Hello,
I feel myself obligated to write an explanation what has happened with polarhome during last week.
What the users experienced was that polarhome.com was not reachable, domain not resolved and if it was alive for few hours it crashed without any reason.
Well, usually in autumn the gate that is placed in the attic suffer from condensed humidity and this issue I usually solve with a light bulb that raises the temperature in the box and hard disk survives.
During last Sunday I was confident that this was a problem for the gate's crash.
Kernel crashed with a code dump.
All input that I had was a randomly produced 30-40 lines of kernel dump that showed some network related and interrupt related functions.
My first feeling was that the PCI slots damaged the network cards. But when I changed the network cards to new one and this did not help I thought that might be good to try the disk in the whole new box.
I took ubuntu, because this host has the less number of users – but this did not help either.
One night in the middle of the week I found a function call in the dump that was suspicious – nf_conntrack. It looks very similar to one familiar one very important one for polarhome: ip_conntrack - that is responsible for all NAT functionality.
It was a revelation to see that kernel development moved from ip_conntrack to nf_conntrack and I have not noticed that. The functionality still works, the kernel modules still work even if I load them like ip_*something.
After some testing I have find out that this might cause the kernel dump – because netfilter does not get through the iptables config parameters.
The kernel simply runs out of the allocated conntrack memory (because polarhome has huge traffic and kernel needs to be tuned in order to work with full traffic load)
I have tried to pass parameters to netfilter and this is the reason why the box survived more than 8 hours during the day.
Seems the raised limit still does not fit because it died in that afternoon again.
In fact to fill up this conntrack table it is enough to have few thousand servers that access some services behind the gateway server in the same time.

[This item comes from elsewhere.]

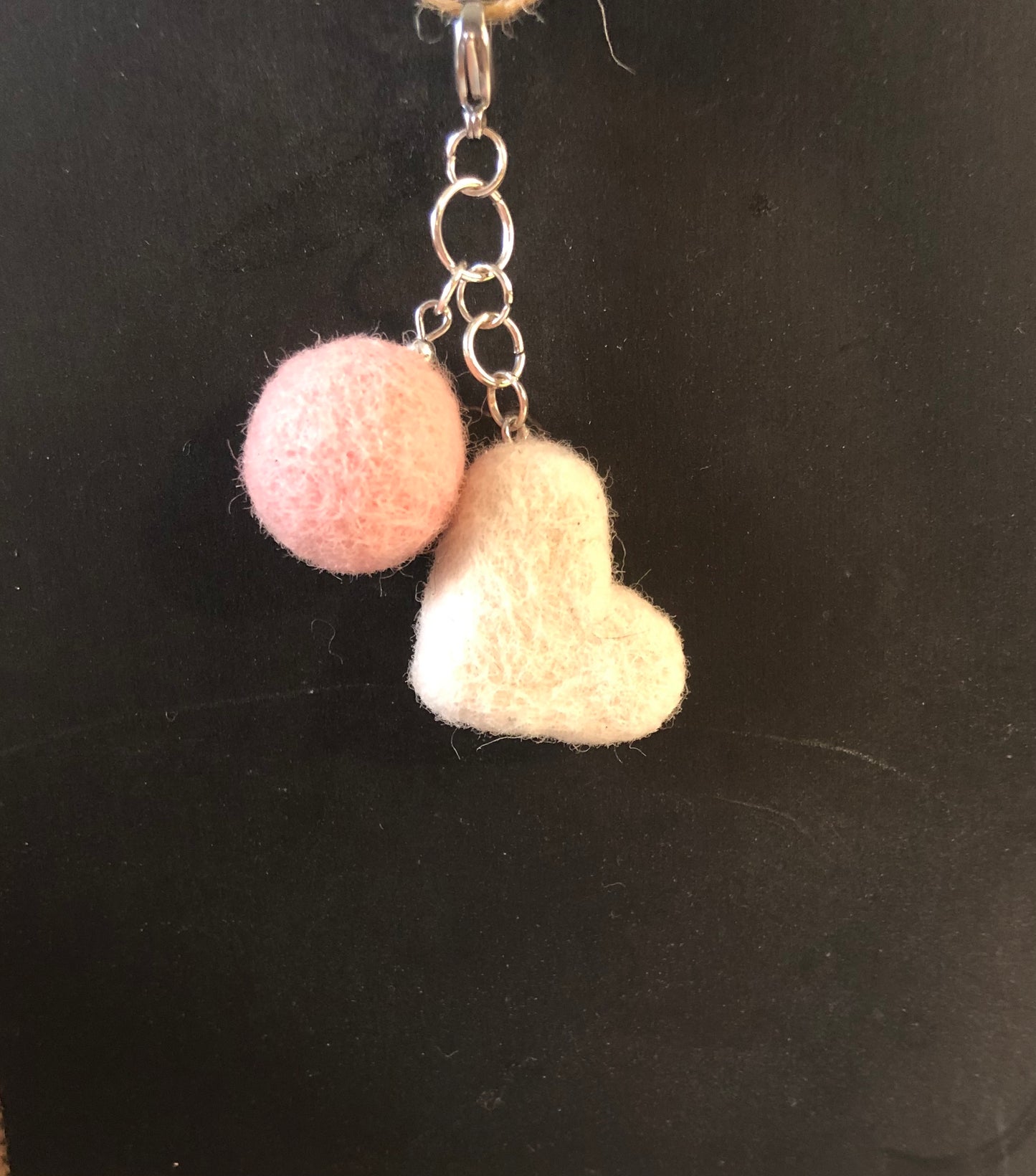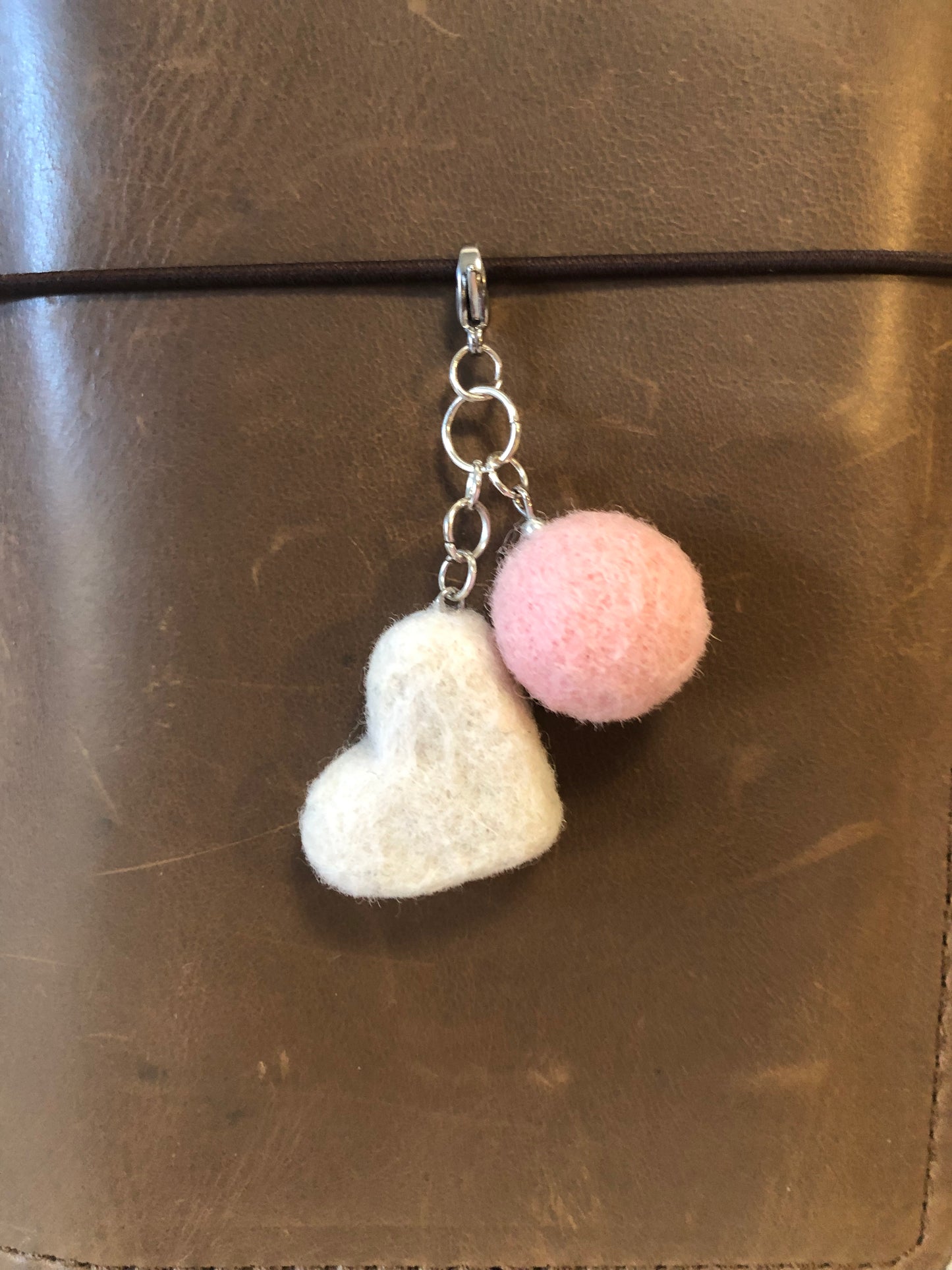 Wool Pom & Heart Charm

I have reported this bug(more precisely I have confirmed an already URGENT, but not really prioritized bug) to Fedora
https://bugzilla.redhat.com/show_bug.cgi?id=259501
The solution was to downgrade the kernel, because this is a typical kernel bug that pops up just on the very busy servers.
polarhome is a rather specific environment and there were also issues that needs such an environment to reproduce - like few years ago when usernames had been chopped when UID was greater then 64k, or like that issue with messing up the quotas over some high number of users etc.
Regardless, I am sorry for that that it took so long time.
The main problem was in approach. I assumed that Linux is OK and the problem must be on my side.
Another reason is that I still need to work 8 hours on the job, and drive my daughter to piano, ballet and other dance lessons, some language lessons and also spend some time with the family etc and I can not reach the box either when it is down.
But I can convince you that I gave my best with all my knowledge - unfortunately the performance we not that impressive this time
Also I would like to thank to polarhome users for positive approach, patience and trust specially for users that offered hardware and administration help in such a tuff situation.
polarhome will survive as long polarhome has such users.